CaTiO3 perovskite /g-C3N4 heterojunction-based composite photocatalyst, part II: Synthesis, characterization and the boosted photocatalytic activity towards Gemifloxacin

Background: Due to the potential ecosystem protection and management applications, searching to achieve highly optimized semiconductor-based photocatalysts utilizing solar energy is still a significant challenge.Methods: Thus, CaTiO3/g-C3N4 heterostructures synthesis via in-situ calcination method was synthesized here, and its structure was investigated by different characterization techniques such as FT-IR, XRD, SEM, EDX, X-ray mapping, cyclic voltammetry (CV), EIS, and DRS techniques.Significant findings: The average crystallite size of the composite sample was estimated at 3.8 nm and 3.5 nm, respectively, according to the Scherrer and Williamson-Hall using XRD results. pHpzc values were approximately 8.6, 5.5, and 6.5 for CaTiO3, g-C3N4, and CaTiO3/g-C3N4 samples.
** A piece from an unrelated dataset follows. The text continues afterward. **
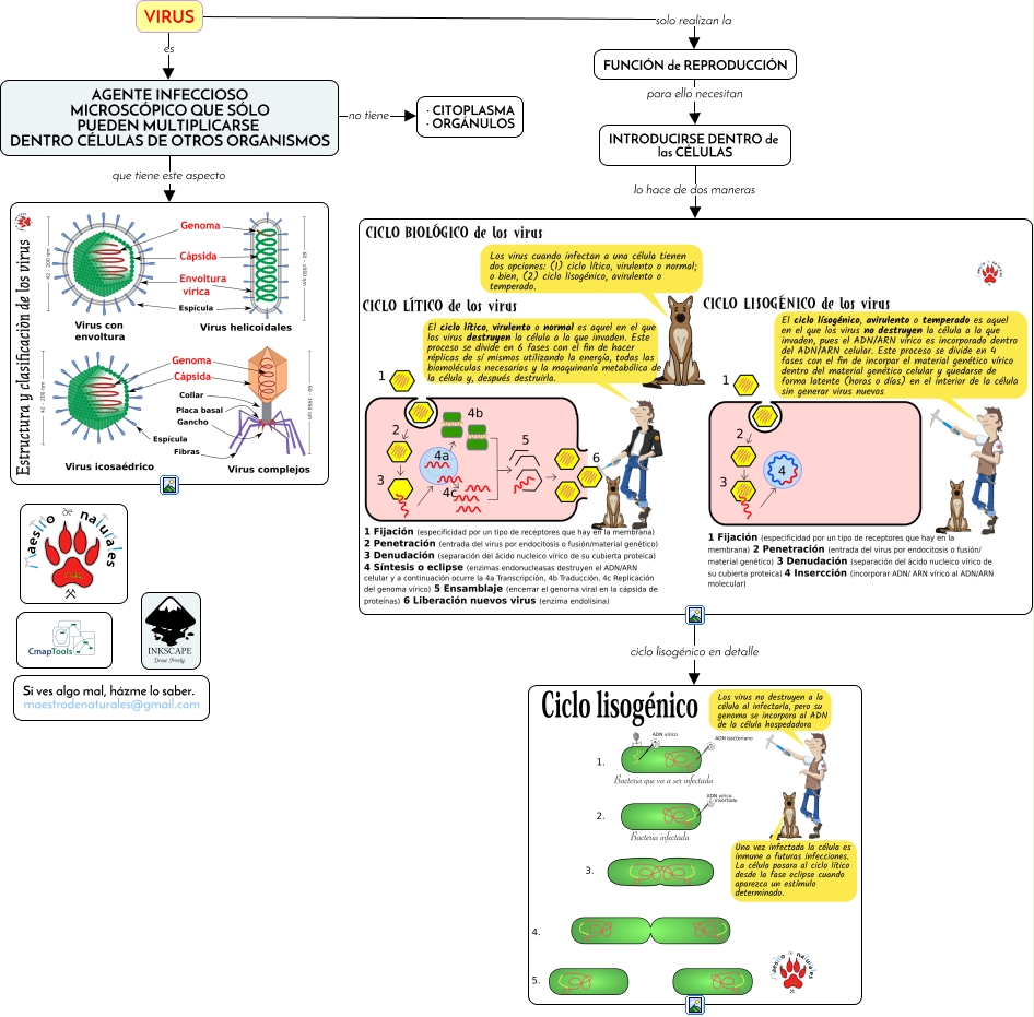 Este Cmap, tiene información relacionada con: Tema 04.07 Los virus, VIRUS solo realizan la FUNCIÓN de REPRODUCCIÓN, VIRUS es AGENTE INFECCIOSO MICROSCÓPICO QUE SÓLO PUEDEN MULTIPLICARSE DENTRO CÉLULAS DE OTROS ORGANISMOS, FUNCIÓN de REPRODUCCIÓN para ello necesitan INTRODUCIRSE DENTRO de las CÉLULAS, INTRODUCIRSE DENTRO de las CÉLULAS lo hace de dos maneras, AGENTE INFECCIOSO MICROSCÓPICO QUE SÓLO PUEDEN MULTIPLICARSE DENTRO CÉLULAS DE OTROS ORGANISMOS que tiene este aspecto, ciclo lisogénico en detalle, AGENTE INFECCIOSO MICROSCÓPICO QUE SÓLO PUEDEN MULTIPLICARSE DENTRO CÉLULAS DE OTROS ORGANISMOS no tiene · CITOPLASMA · ORGÁNULOS

Based on the DRS data, the evaluated band gap energy for the g-C3N4, CaTiO3, and CaTiO3/g-C3N4 were 2.76, 3.5, and 2.6 eV, respectively. EIS and CV data confirmed better charge carriers' transfer in the composite. The proposed CaTiO3/g-C3N4 composite showed a synergistic effect in the photodegradation of Gemifloxacin in an aqueous solution under both UV and Vis light illumination.Changes in the CaTiO3:g-C3N4 ratio varied the photocatalytic activity of the obtained catalyst.